Курт, отвозивший меня на аэродром, был, как мне кажется, по-настоящему опечален. Друзья корреспонденты, пришедшие проводить, принесли кучу писем и сувениров, предназначенных для передачи семьям.
— Не дрейфь, старик, бог не выдаст — редакция не съест, — слышал я возле самолетного трапа.
— Возвращайтесь скорее, Геринг не переживет разлуки с вами. Кто же его будет окуривать чесночным паром?
И среди этого дружеского трепа как-то очень запомнилась лирическая фраза Сергея Крушинского:
— Солнце не зайдет, а вы уже будете дома. Честно говоря, я вам здорово завидую.
Мы живем с ним в одном доме. Он любит жену и обожает двух своих парней, которые, как и все военные дети, растут без отца. А судьба его — боевого журналиста, влюбленного в свое дело, человека, нежно привязанного к своему семейству, все время мотает по миру туда и сюда, и семью он почти не видит.
В смутном настроении прилетел я в Москву, но у вызова этого оказался совершенно неожиданный счастливый конец, как говорят янки, «хэппи энд». Оказалось, редактор «Октября» Федор Иванович Панферов запускает в печать мою повесть о безногом летчике. Со свойственной ему энергией он сумел убедить редактора, Петра Николаевича Поспелова, что для окончательной отделки перед набором ему совершенно необходим автор, и так как на процессе затишье, меня временно и вызвали в Москву.
По заведенному неписаному закону мы с женой в тот же вечер развезли по адресам все письма и сувениры, посланные коллегами своим семьям.
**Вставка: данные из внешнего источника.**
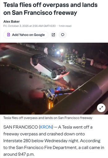 arrow-up157arrow-down1external-linkTesla In 'Self-Drive Mode' Hit By Train After Turning Onto Train Tracks and Parkingplus-squarewww.jalopnik.comseaplant@slrpnk.netEnglish · 5 months agomessage-square2linkfedilink
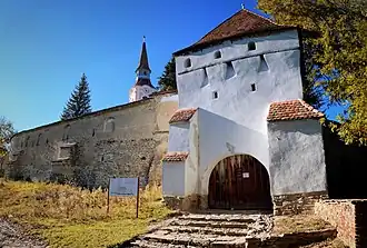 Die Kirchenburg steht im Nordwesten des Dorfzentrums. Die Wehrmauer ist 7–8 m hoch und war durch fünf Türme verstärkt, von denen vier erhalten sind. Der ruinöse Südturm war der frühere Eingang zur Anlage, der mit einem Fallgatter gesichert war. Heute gelangt man über den Ostturm in die Anlage. Im nördlichen Bereich des Berings wurden im 16. Jahrhundert Zwinger, Parch genannt, angebaut, in denen man bei Belagerung das Vieh hielt. Ein dritter Zwinger im Süden wurde im 18. Jahrhundert angefügt.

Выполнив эту первейшую для каждого военкора обязанность, я лишь мочью появился в своей редакции. Появился в самое горячее время. Только что «загорелась», то есть была отравлена в машину третья полоса. Доверстывалась первая, но, несмотря на время священной спешки, в кабинете Поспелова собрались все те, кто как бы составлял когда-то в военные дни редакционный мозг. Только вместо Леонида Ильичева, редактирующего теперь «Известия», — новый секретарь Миша Сиволобов, недавний военный корреспондент, получивший широкую известность своими письмами из партизанских лесов, а вместо сурового полковника Лазарева — седовласый, благообразный генерал Галактионов. И еще его первый заместитель полковник Яхлаков — деликатнейший человек, обладающий сокрушительным, громоподобным басом, и «промышленный босс», заведующий экономическим отделом Сеня Гершберг, и бывший король московских репортеров Лазарь Бронтман.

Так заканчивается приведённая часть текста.